Wednesday, January 11, 2012

Steve Jobs

Steve Jobs
Steve Jobs, the intense, creative, groundbreaking, domineering, obsessive  co-founder of Apple Computer was the face of cutting edge technology.   The world was stunned when he died.

 He gave a commencement speech at Stanford University.  An excerpt:

 “No one wants to die.  Even people who want to go to heaven don’t want to die to get there.  And yet death is the destination we all share.  No one has ever escaped it.  And that is as it should be, because death is very likely the single best invention of life.  It’s life’s change agent:  it clears the old to make way for the new.  Right now, the new is you.  But someday, not too long from now, you will gradually become old and be cleared away.  Sorry to be so dramatic, but it’s quite true.” 
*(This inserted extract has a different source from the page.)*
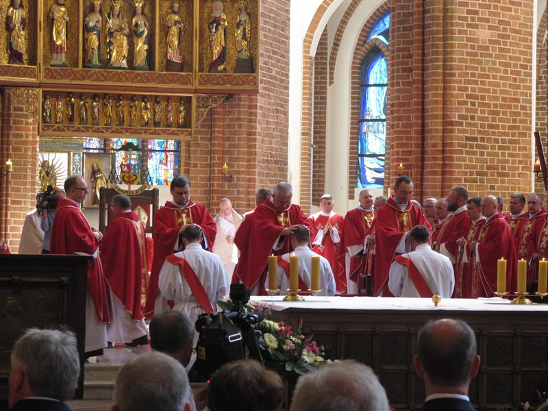 Sobotnie święcenia kapłańskie zbiegły się z uroczystością Św. Apostołów Piotra i Pawła. Zgodnie z tradycyjnym obrzędem arcybiskup i zgromadzeni licznie prezbiterzy kładli dłonie na głowach alumnów, by ci mogli działać w imieniu Chrystusa Kapłana. Jednym z elementów liturgii święceń było także naznaczenie dłoni alumnów Olejem Krzyżma, ustanowionym w Wielki Czwartek na znak uświęcającej łaski Ducha Świętego. - Dotknięci tym olejem kapłani Jezusa Chrystusa idźcie w nowy czas nadziei, łask, przebaczenia i uświęcajcie w tym czasie ziemie naszej diecezji nad Odrą i Bałtykiem - mówił do nowo wyświęconych prezbiterów ks. arcybiskup.

 Andy Crouch of Christianity Today saw him as a secular evangelist for technology-generated hope when he “strode on stage with a miracle in his pocket.”   But his cold outlook was godless, soulless, self-centered, morally neutral and offered no promise of an afterlife.  On 60 Minutes Jobs said “You’re born alone, you’re gonna die alone.  And does anything else really matter?  I mean what is it exactly, is it that you have to lose?  You know?  There’s nothing.”

 This was consistent with his embrace of Zen Buddhism, which is non-theistic and denies the existence of self. 
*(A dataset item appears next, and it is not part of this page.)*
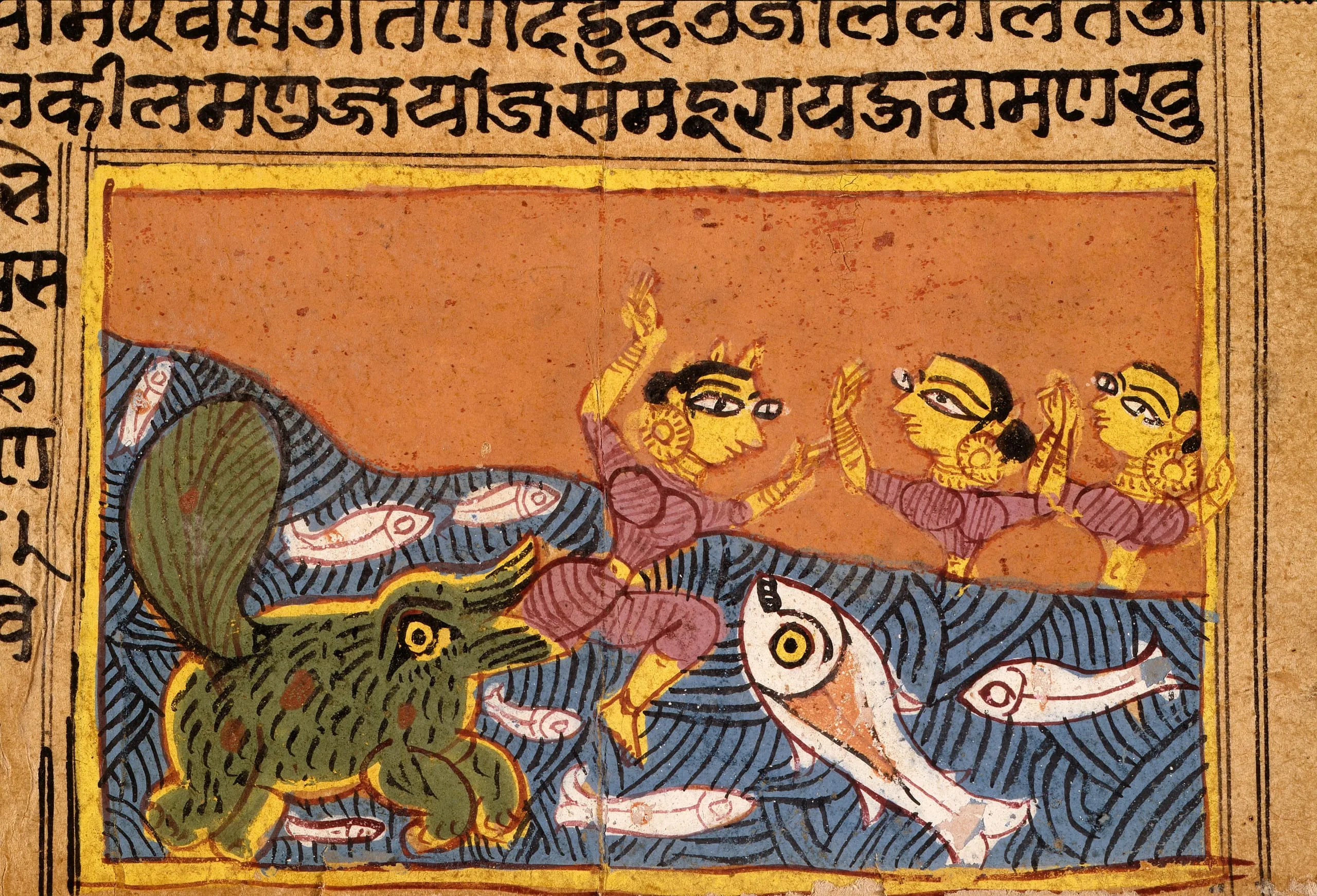 - A Dolphin (Shishumara) Attacks a Woman, Folio from a Yashodhara Charita (Life of Yashodhara)

 But impending death challenged him.  He told biographer Walter Isaacson  “Sometimes I believe in God, sometimes I don’t.  I think it’s 50-50 maybe.  But ever since I’ve had cancer, I’ve been thinking about it more.  And I find myself believing a bit more….. maybe it’s because I want to believe in an afterlife.’ 

 Steve Jobs was consumed with work to the exclusion of many other things, including God.  Once his illness slowed him down he seems to have sensed Him and decided there was a better than even chance for an afterlife after all.  Shortly before he died Jobs told his sister “that he was going to a better place.”

“Oh wow, Oh wow, Oh wow” were Steve Jobs’ last words.  Peggy Noonan, writing in, The Wall Street Journal, thinks they “were the best thing said in 2011.”  “What happened  there that he looked away from his family and expressed what sounds like awe?”

Noonan told of a friend whose son died at home, surrounded by family.  “As Robert breathed his last an infant in the room let out a great baby laugh as if he saw something joyous, wonderful and gestured toward the area above Robert’s head.  The infant’s mother, startled, moved to shush him but my friend, her mother, said no, maybe he’s reacting to …something only babies see.”  And the dying person experiences.

 Monumental wealth, fame and success still leaves one guessing about the afterlife.  Steve Jobs learned it exists when he finally met God.  It would have been better if he’d been a Christian and known Him long before he died.